- Data section
===============

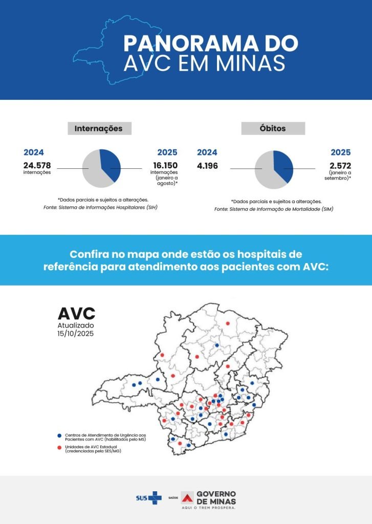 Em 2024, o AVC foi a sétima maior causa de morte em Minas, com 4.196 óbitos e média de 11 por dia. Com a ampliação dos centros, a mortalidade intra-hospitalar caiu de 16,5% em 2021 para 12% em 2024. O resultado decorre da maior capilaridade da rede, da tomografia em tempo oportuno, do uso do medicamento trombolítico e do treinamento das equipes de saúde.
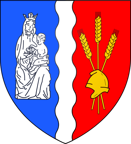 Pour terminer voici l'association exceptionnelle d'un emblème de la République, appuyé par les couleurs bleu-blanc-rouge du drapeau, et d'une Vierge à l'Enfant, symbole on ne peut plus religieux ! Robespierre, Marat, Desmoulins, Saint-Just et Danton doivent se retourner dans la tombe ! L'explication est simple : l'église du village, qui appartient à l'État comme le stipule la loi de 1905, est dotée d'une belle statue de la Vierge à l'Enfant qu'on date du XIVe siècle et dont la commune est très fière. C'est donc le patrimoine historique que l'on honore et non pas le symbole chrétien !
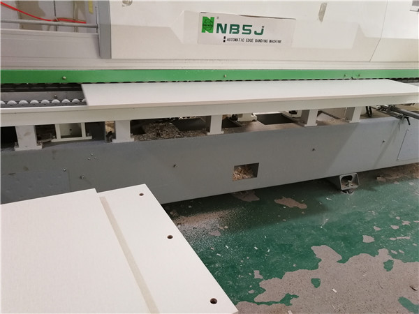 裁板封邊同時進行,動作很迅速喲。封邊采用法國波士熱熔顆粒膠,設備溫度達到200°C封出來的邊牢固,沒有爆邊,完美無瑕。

===============

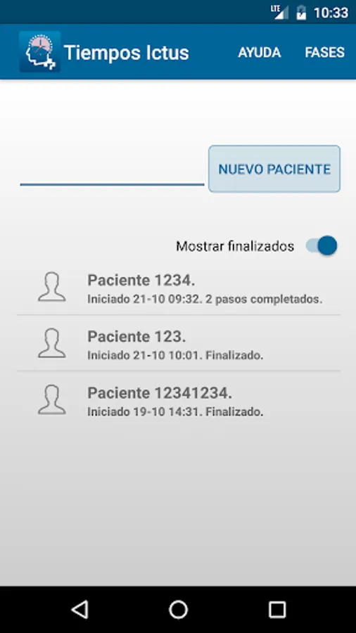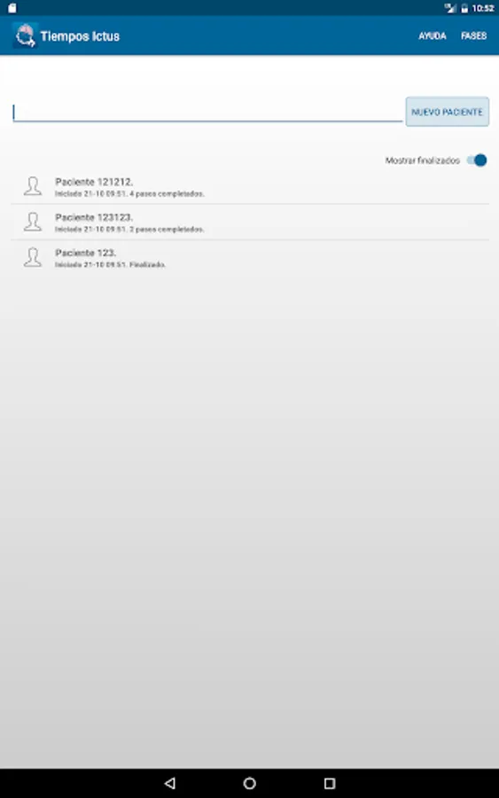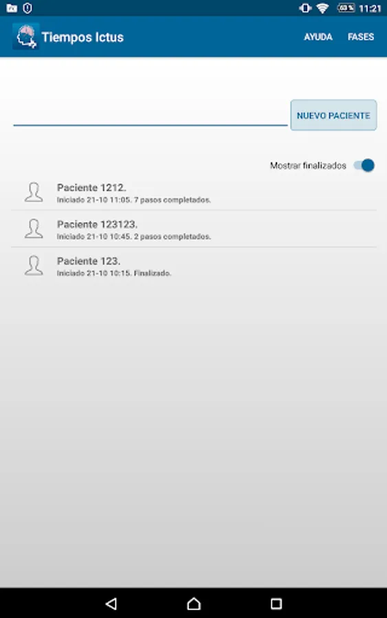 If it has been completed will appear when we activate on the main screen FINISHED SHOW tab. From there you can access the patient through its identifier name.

===============

- Exercise details
Where a picture appears in the records above, omit it, and transcribe exactly the stretch of lines from the one with "Pour terminer voici" through the one with "裁板封邊同時進行,動作很迅速".

- Reply to the task
 Pour terminer voici l'association exceptionnelle d'un emblème de la République, appuyé par les couleurs bleu-blanc-rouge du drapeau, et d'une Vierge à l'Enfant, symbole on ne peut plus religieux ! Robespierre, Marat, Desmoulins, Saint-Just et Danton doivent se retourner dans la tombe ! L'explication est simple : l'église du village, qui appartient à l'État comme le stipule la loi de 1905, est dotée d'une belle statue de la Vierge à l'Enfant qu'on date du XIVe siècle et dont la commune est très fière. C'est donc le patrimoine historique que l'on honore et non pas le symbole chrétien !
 裁板封邊同時進行,動作很迅速喲。封邊采用法國波士熱熔顆粒膠,設備溫度達到200°C封出來的邊牢固,沒有爆邊,完美無瑕。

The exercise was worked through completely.